The clinical value of the MLRINEC score was determined by its sensitivity and specificity. The MLRINEC score could stratify patients into high- and low-risk categories for NF and help make critical decisions for duty surgeons. For high-risk patients, serial MLRINEC score monitoring may be useful for stopping the progression of NF. An early and aggressive surgical intervention may reduce mortality and related complications in high-risk patients. In the MLRINEC score, we dichotomized the laboratory variables but did not consider extreme cases, such as leukopenia, sepsis, and hematologic malignancy [24, 25]. These should alert physicians of the possibility of the presence of life-threatening conditions.

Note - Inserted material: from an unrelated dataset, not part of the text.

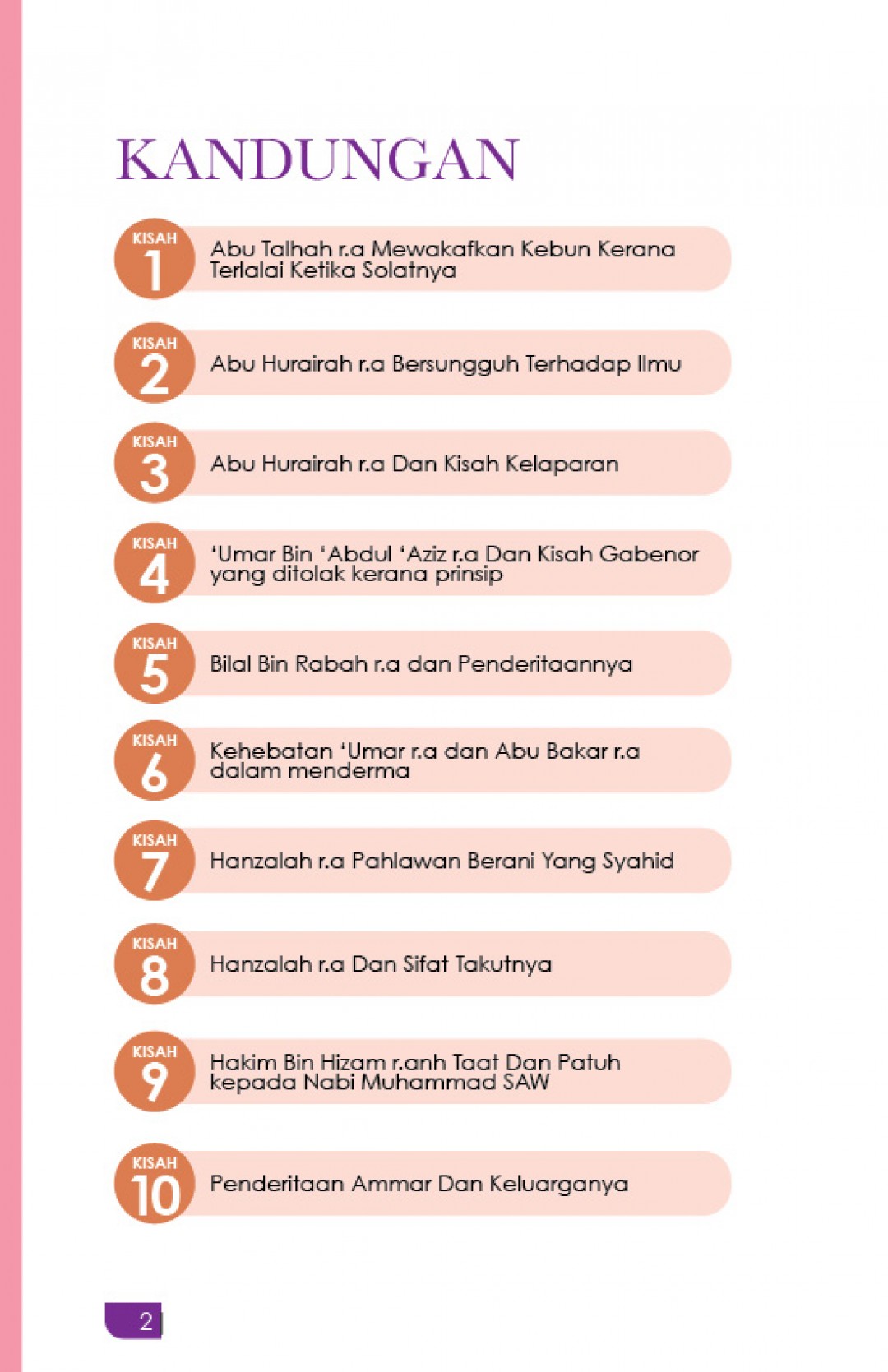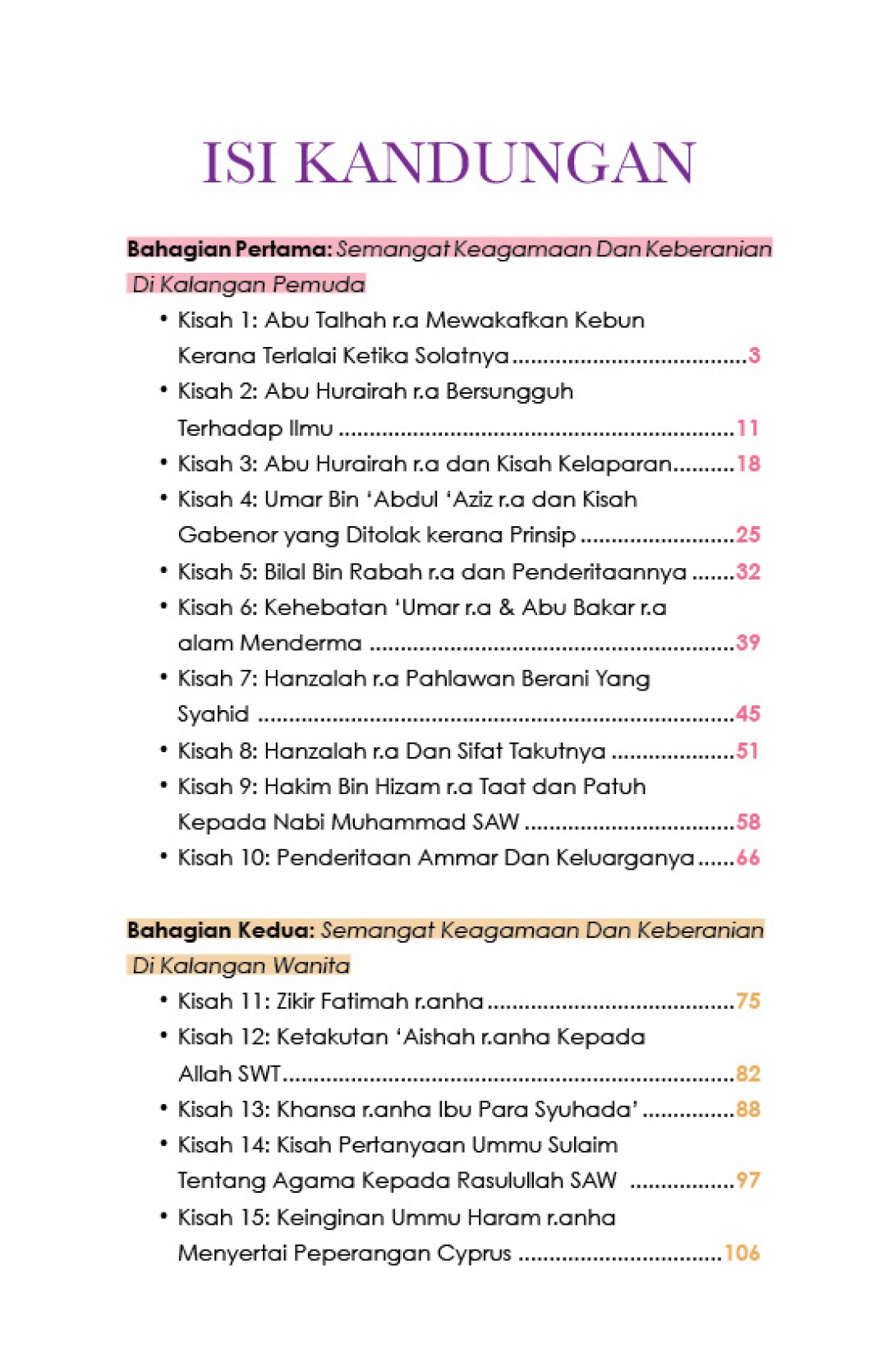 Mereka bukan insan biasa. Para sahabat Nabi SAW adalah generasi terpilih yang sanggup mengorbankan harta, keluarga bahkan nyawa demi Allah dan Rasul-Nya. Di sebalik nama-nama besar seperti Abu Hurairah, Bilal bin Rabah, Umar, Abu Bakar, Khansa’, Asma’ dan ramai lagi, tersimpan kisah yang mampu mengetuk hati kita yang sering lalai dengan dunia.

This study still has some limitations. First, this study lacks external validation. The validity of the MLRINEC score still requires other studies to confirm. Second, the retrospective design of this study had its inherent limitation in data collection, such as unverified comorbidities. Third, the sample size is relatively small due to the rarity of NF. Fourth, this study aimed to develop a modified score based on the LRINEC, so we did not include other possibly closely related inflammatory/immune variables, such as serum albumin and blood coagulation factors.

Conclusions

In summary, we developed the MLRINEC score using a retrospective design. The risk stratification score demonstrated high sensitivity and specificity in the differential diagnosis of NF and other soft-tissue infectious and may be useful in providing necessary information for reasonable suspicion of NF. The validity of the MLRINEC score still needs to be confirmed by further studies.